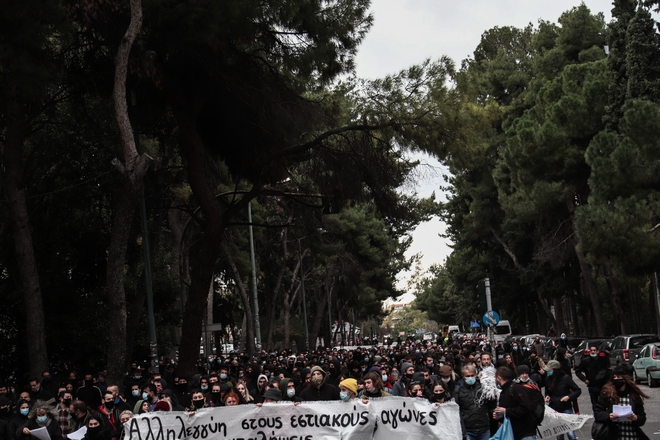 Πορεία διαμαρτυρίας πραγματοποίησαν φοιτητές που διαμαρτύρονται για την αστυνόμευση σε πανεπιστημιακές σχολές και εστίες.
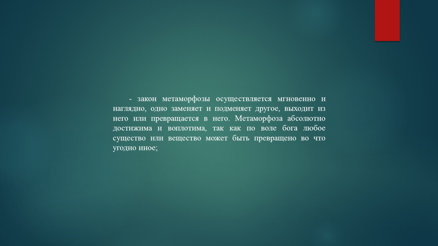 - закон метаморфозы осуществляется мгновенно и наглядно, одно заменяет и подменяет другое, выходит из него или превращается в него. Метаморфоза абсолютно достижима и воплотима, так как по воле бога любое существо или вещество может быть превращено во что угодно иное;
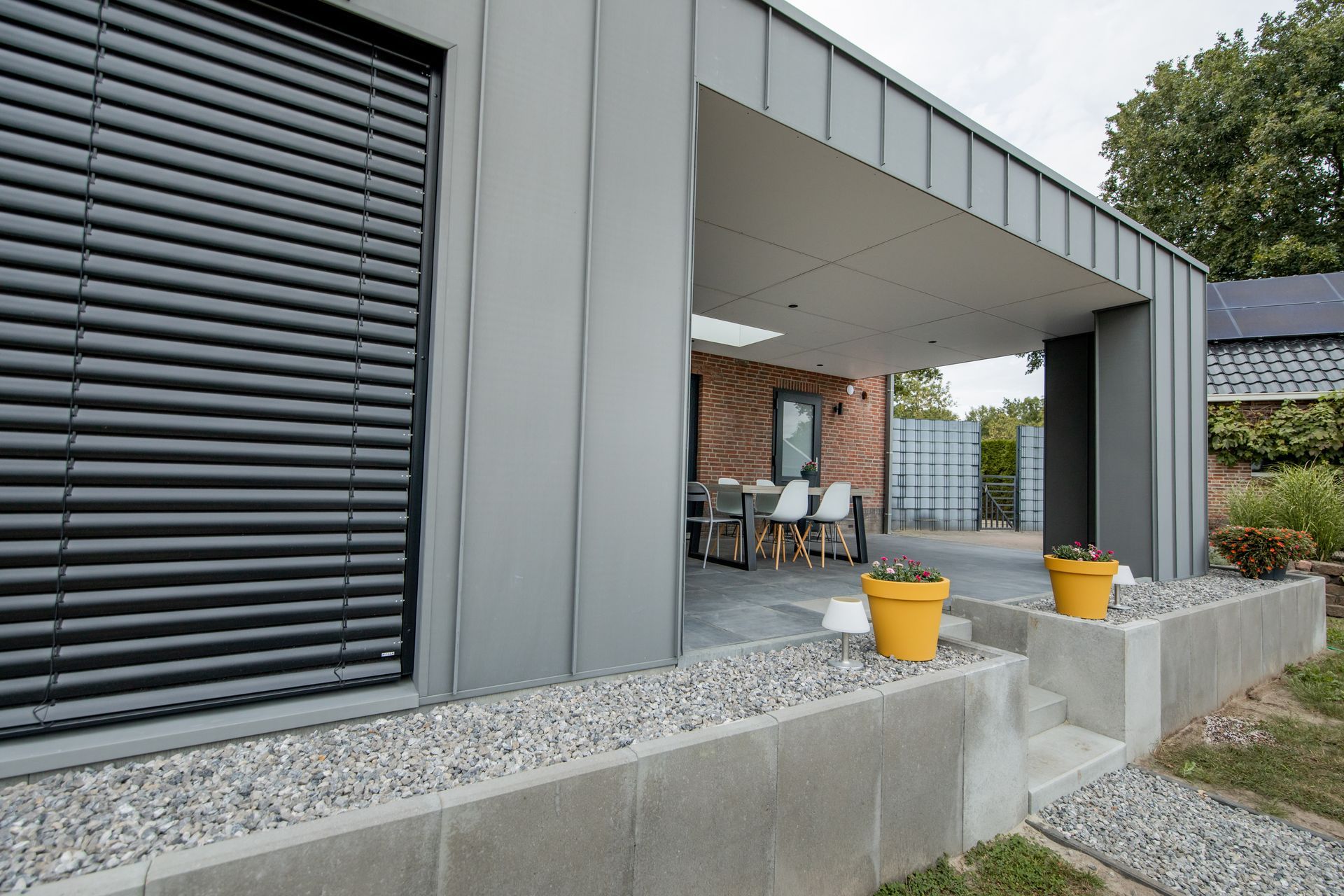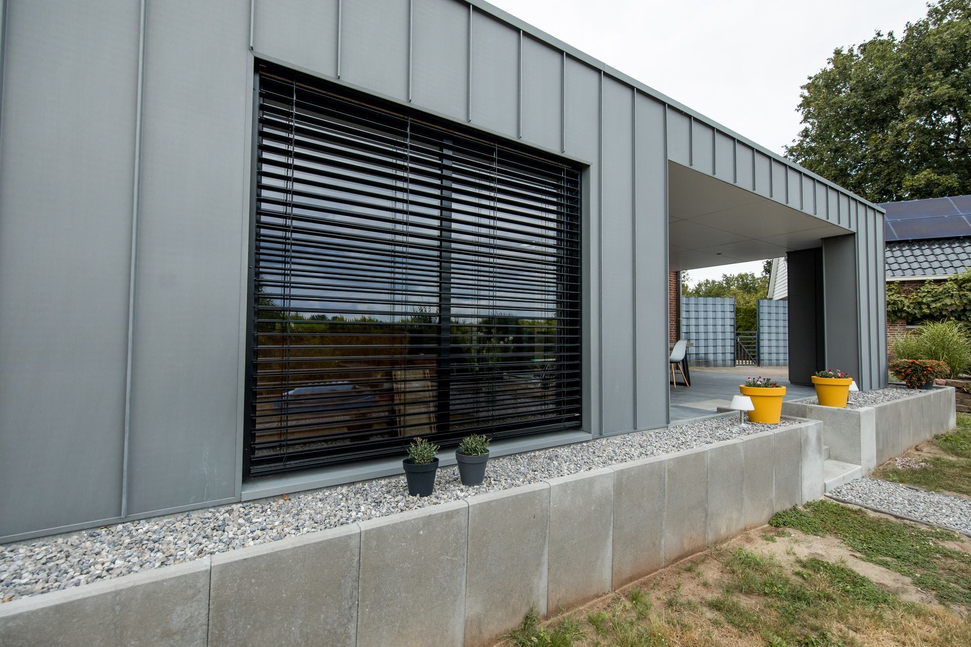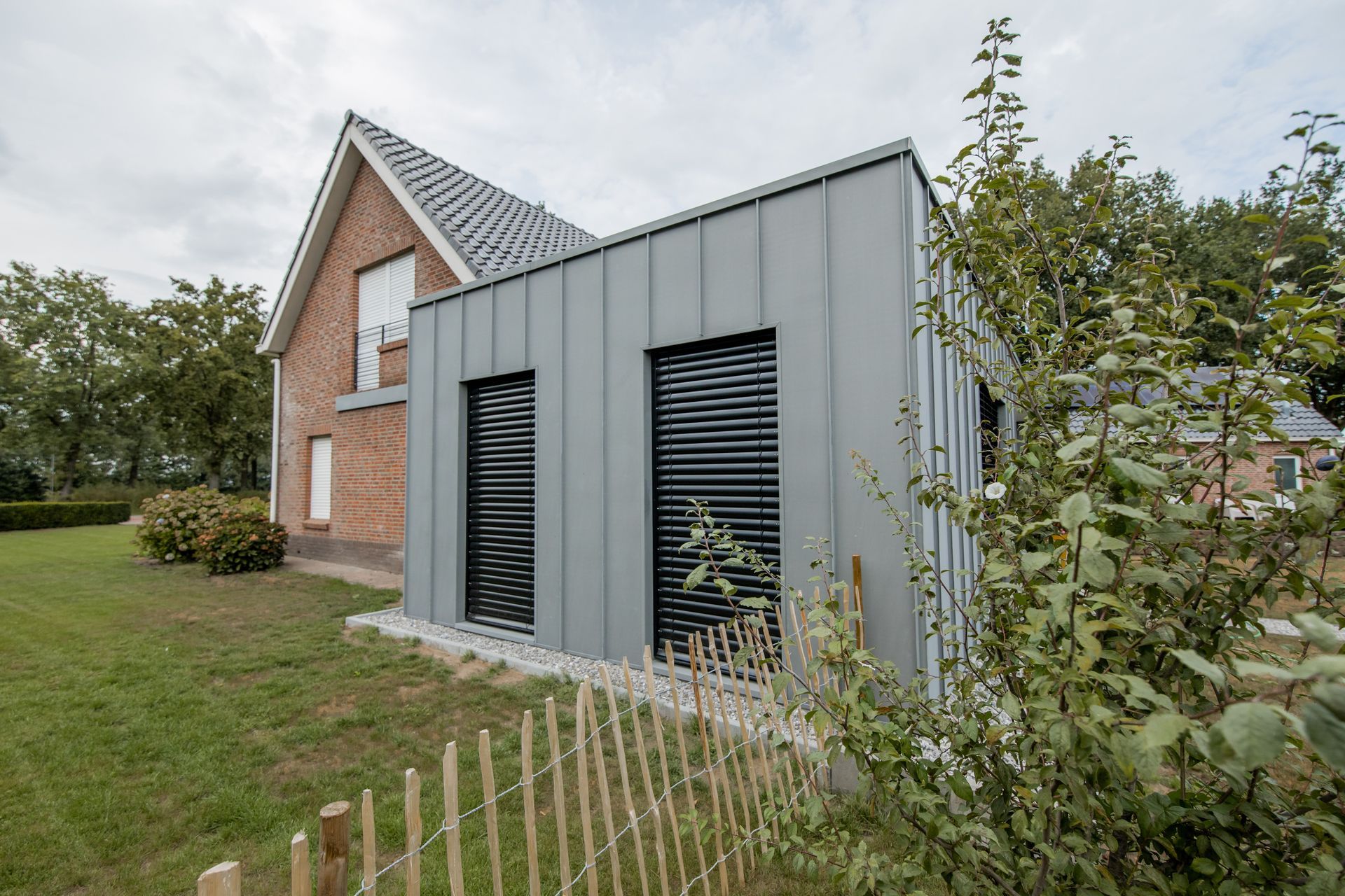 Interne verbouwing met aanbouw afgewerkt met zinken gevelbekleding.
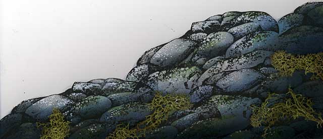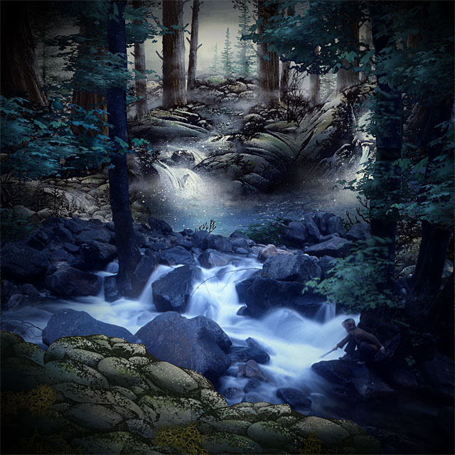 Adobe Photoshop was used to separate the rocks on the photo below from the background trees. The stamped scene was positioned in its place. The large foreground trees in the photograph needed to be extended to reach the top of the scene so they were digitally extended. The entire scene needed to be softened where harsh transitions between the stamped scene and photo took place. My solution was to digitally copy the cluster of leaves above the figures head and to replicate that element throughout the scene in varying sizes. |

WORK REQUIRED: Please give back the material above exactly as written, pictures omitted.

EXERCISE RESPONSE:
 Πορεία διαμαρτυρίας πραγματοποίησαν φοιτητές που διαμαρτύρονται για την αστυνόμευση σε πανεπιστημιακές σχολές και εστίες.
 - закон метаморфозы осуществляется мгновенно и наглядно, одно заменяет и подменяет другое, выходит из него или превращается в него. Метаморфоза абсолютно достижима и воплотима, так как по воле бога любое существо или вещество может быть превращено во что угодно иное;
 Interne verbouwing met aanbouw afgewerkt met zinken gevelbekleding.
 Adobe Photoshop was used to separate the rocks on the photo below from the background trees. The stamped scene was positioned in its place. The large foreground trees in the photograph needed to be extended to reach the top of the scene so they were digitally extended. The entire scene needed to be softened where harsh transitions between the stamped scene and photo took place. My solution was to digitally copy the cluster of leaves above the figures head and to replicate that element throughout the scene in varying sizes. |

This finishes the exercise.